*Exercise objective*: What you output must match, exactly, the lines from the start of the records to the line containing "VARIETY PACK: Contains", both ends kept and pictures excluded.

*Recorded data*:
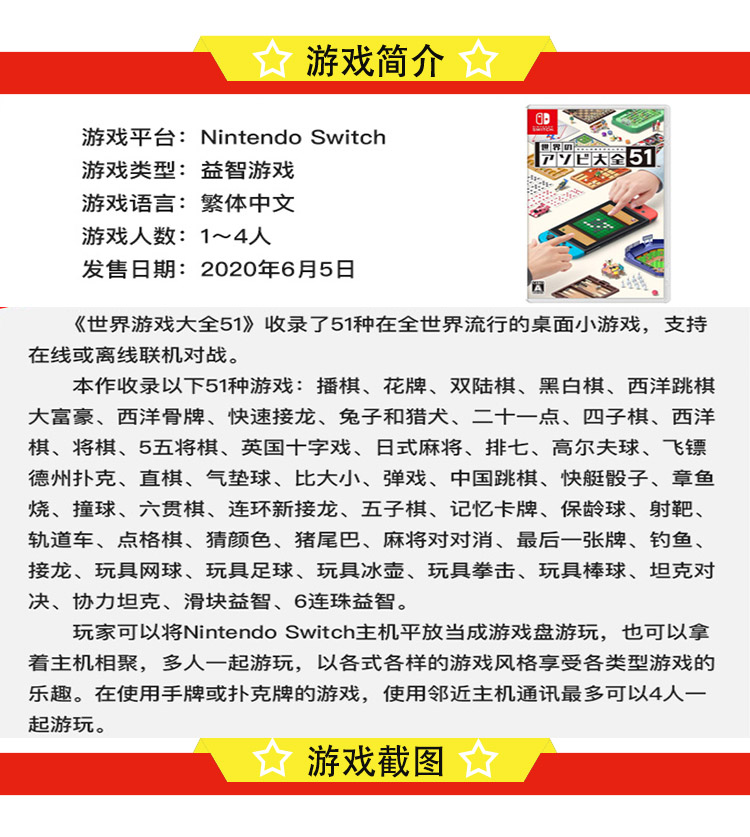 Nintendo Switch NS game cassette World game Daquan 51 clubhouse game Chinese
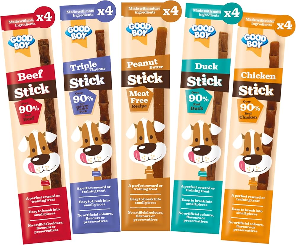 VARIETY PACK: Contains 20 Meaty Sticks, 4x Beef, 4x Chicken, 4x Duck, 4x Peanut Butter and 4x Triple Flavour
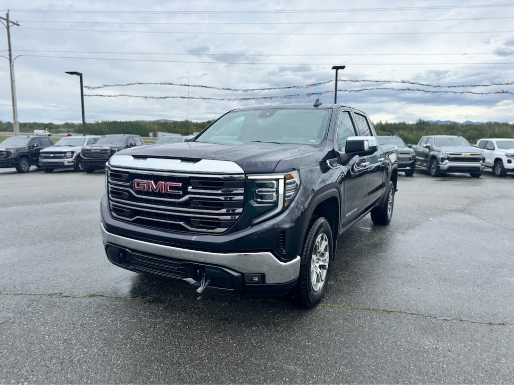 AUDIO SYSTEM, 13.4" DIAGONAL PREMIUM GMC INFOTAINMENT SYSTEM WITH GOOGLE BUILT IN APPS SUCH AS NAVIGATION AND VOICE ASSISTANCE, INCLUDES COLOR TOUCH-SCREEN, MULTI-TOUCH DISPLAY, AM/FM STEREO Bluetooth® streaming audio for music and most phones; featuring wireless Android Auto® and Apple CarPlay® capability for compatible phones (STD), ENGINE, 5.3L ECOTEC3 V8 (355 hp [265 kW] @ 5600 rpm, 383 lb-ft of torque [518 Nm] @ 4100 rpm); featuring Dynamic Fuel Management (STD), TRANSMISSION, 10-SPEED AUTOMATIC, (COLUMN SHIFTER) ELECTRONICALLY CONTROLLED with overdrive and tow/haul mode. Includes Cruise Grade Braking and Powertrain Grade Braking (STD). GMC SLT with Titanium Rush Metallic exterior and Jet Black interior features a 8 Cylinder Engine with 355 HP at 5600 RPM*.
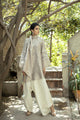 Thistle helps you capture the spirit of freshness with its classic ivory Cotton Net shirt designed with hand woven organza border. It is adorned with beautiful cut work on the collar and lace inserts on the front and the shirt hem. This shirt is paired with scalloped side slit pants with lace detail. This ensemble encapsulates shades of summer and make up for a wardrobe must-have!
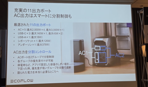 DELTA 3 Ultra Plus特有の機能に、バッテリー拡張とAC分割制御がある。エクストラバッテリー (拡張バッテリー)と組み合わせることで、最大11,264Whまで拡張できる。AC出力は2系統に分かれており、用途に応じた電力制御が可能。系統ごとに優先度を付けられるため、停電時などに優先度が高い家電などに自動で割り振れる。
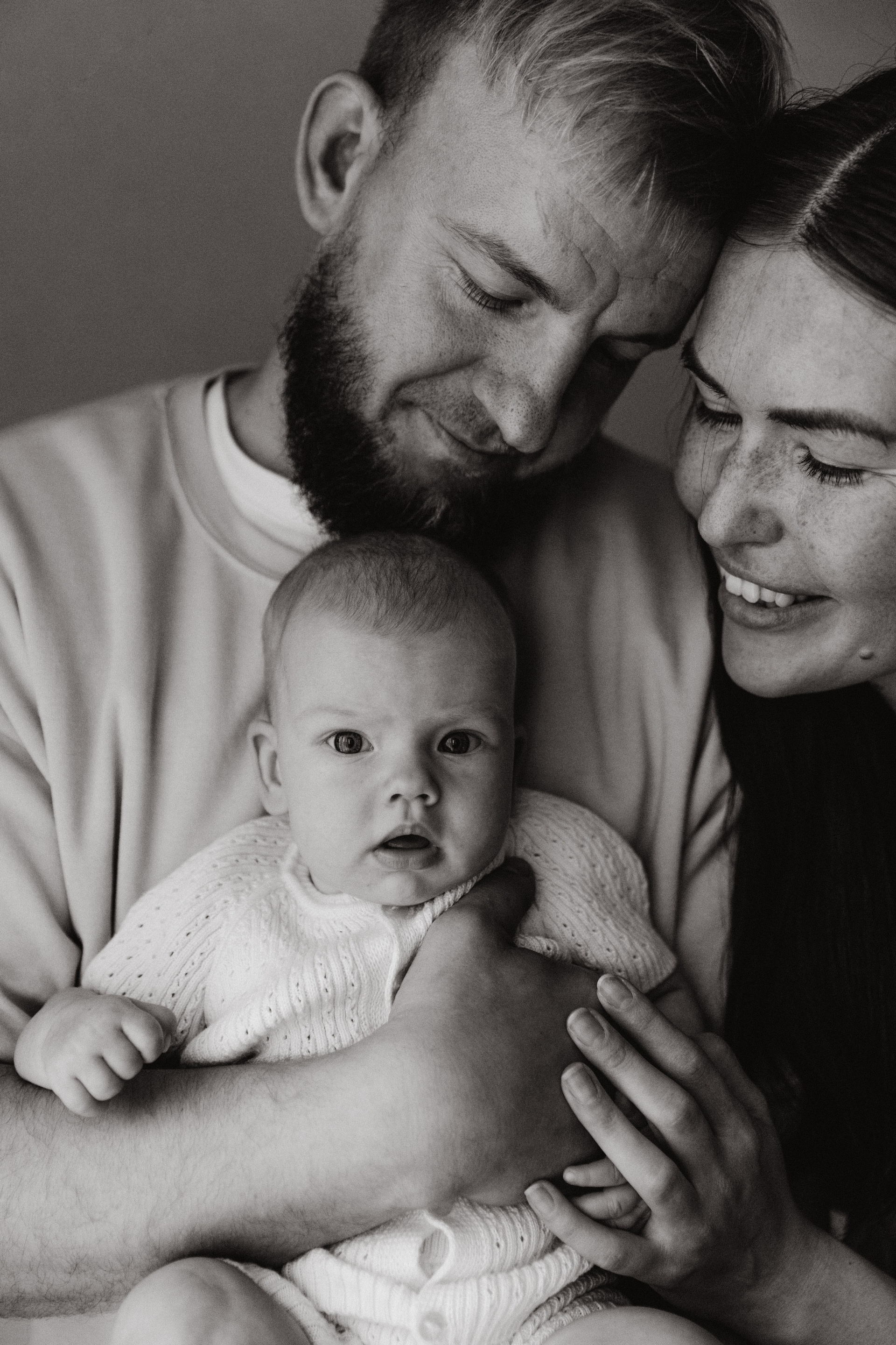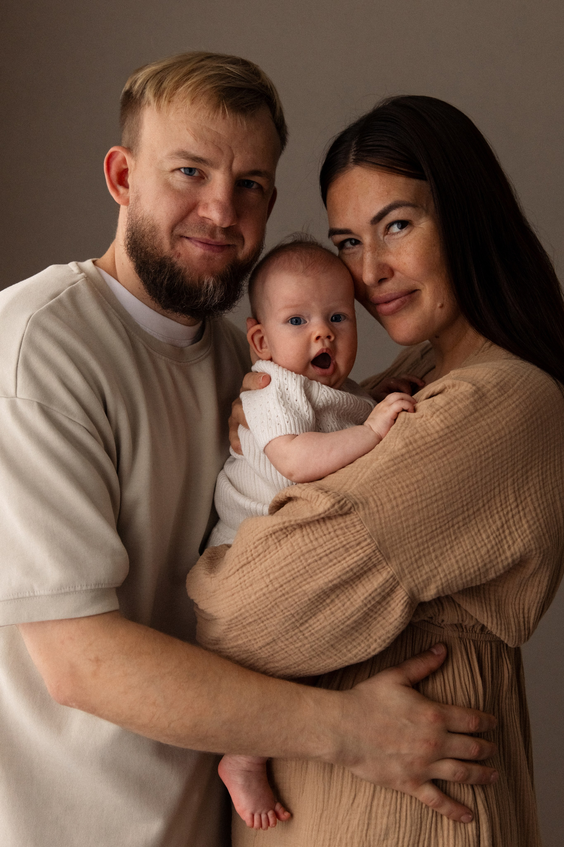 Фотосессия проходит в привычной для семьи обстановке — дома. Нет лишнего стресса, переездов и опозданий. Малыш чувствует себя спокойно, а это — залог естественных, нежных кадров.
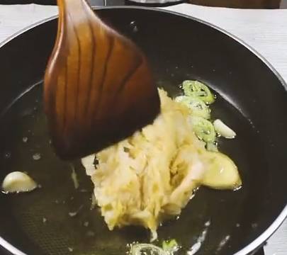 4.鍋中倒油,加入蔥薑蒜,擠過水的酸菜,炒幹。
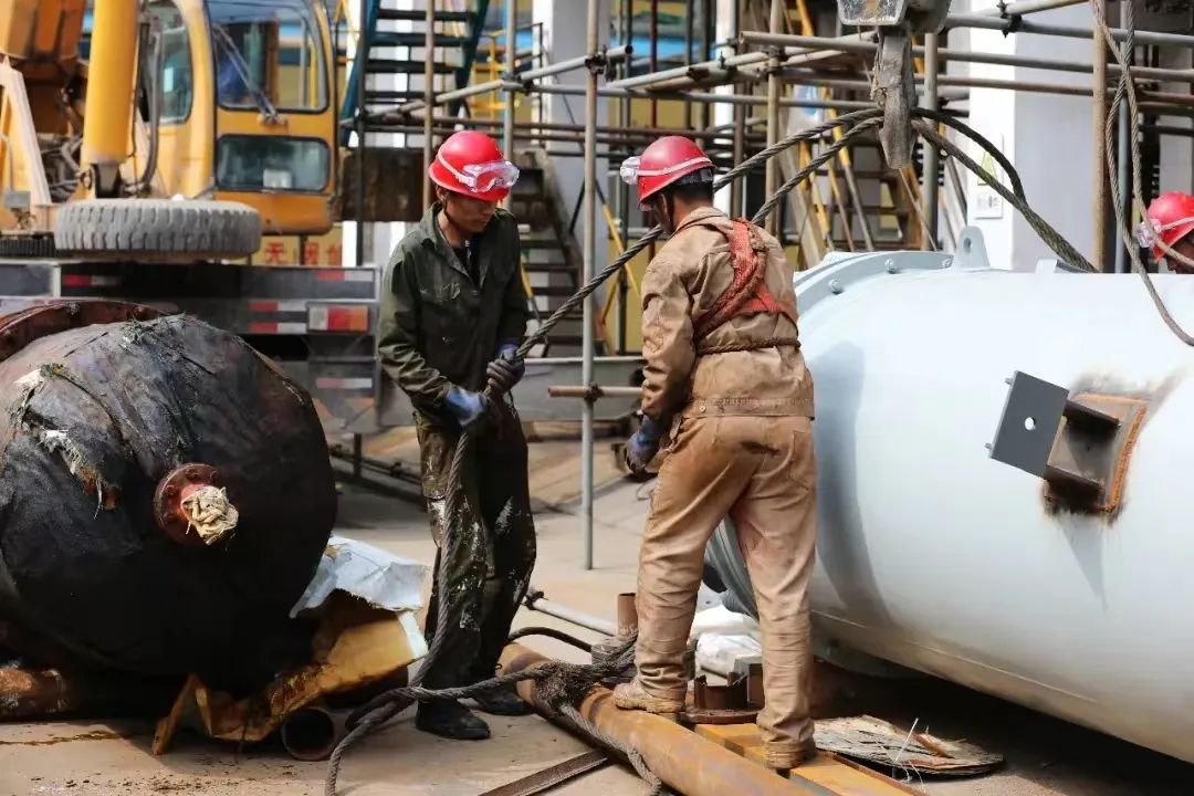 7月1日,在樹脂一廠氯乙烯工段,檢修人員正在加班加點對混脫防爆板進行更換。自春檢戰役打響以來,樹脂一廠整合人員力量,在堅持“安全第一、質量為先”原則的前提下,加快推進春檢工作進度。春檢中,檢修人員始終堅持嚴謹認真的工作態度和艱苦奮斗的戰斗作風,嚴格辦理各類作業票證,不折不扣落實各項安全措施。領導干部現場盯守,對現場氣瓶布置、防護用品穿戴、作業規范等問題進行檢查,從嚴從實狠抓現場管理,堅決杜絕三違現象,確保檢修安全。
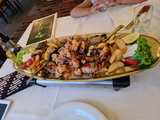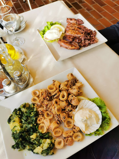 We had two pizzas and a mixed calamari plate for 2 persons, featuring calamari fritti, grilled calamari, calamari filled with rice and ham (of all things), and calamari risotto. We had some local white wine to wash it all down. The pizzas were relatively decent, if a bit bland, but passable. The fried and grilled calamari were ok, but very likely frozen imported stuff, and not localy sourced. The filled calamari was just plain strange, and the risotto was the saddest thing since Mufasa was trampled to death by a stampedo of crazed gnu. Utterly inedible. The wine was passable. The service was horrible - the waiter was incredibly impolite and dissinterested in actually earning his pay, often making remarks to other customers. Hard pass...
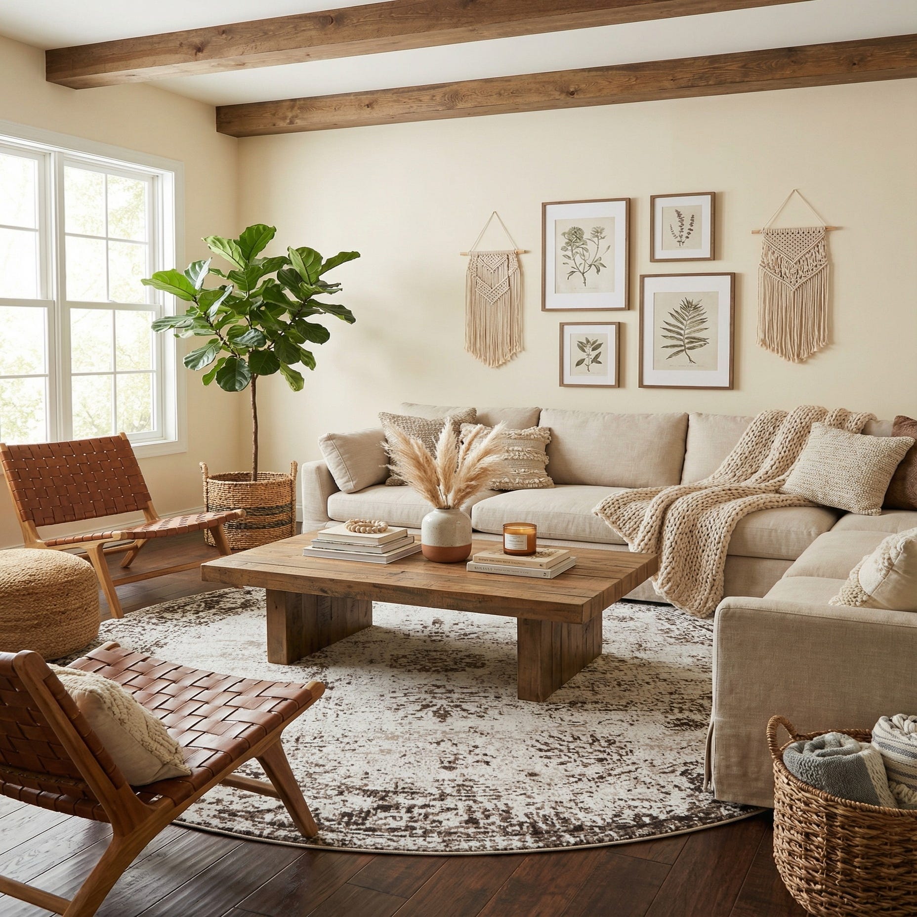 The neutral colorway and subtle pattern make this piece versatile in many interiors. It anchors a round dining table or defines a living room seating area without competing with other textures. It pairs naturally with warm woods, leather seating, linen upholstery and mixed-metal accents, and works well in transitional, modern farmhouse, or contemporary spaces that benefit from a soft, grounded layer.

*Response to the task*:
 Nintendo Switch NS game cassette World game Daquan 51 clubhouse game Chinese
 VARIETY PACK: Contains 20 Meaty Sticks, 4x Beef, 4x Chicken, 4x Duck, 4x Peanut Butter and 4x Triple Flavour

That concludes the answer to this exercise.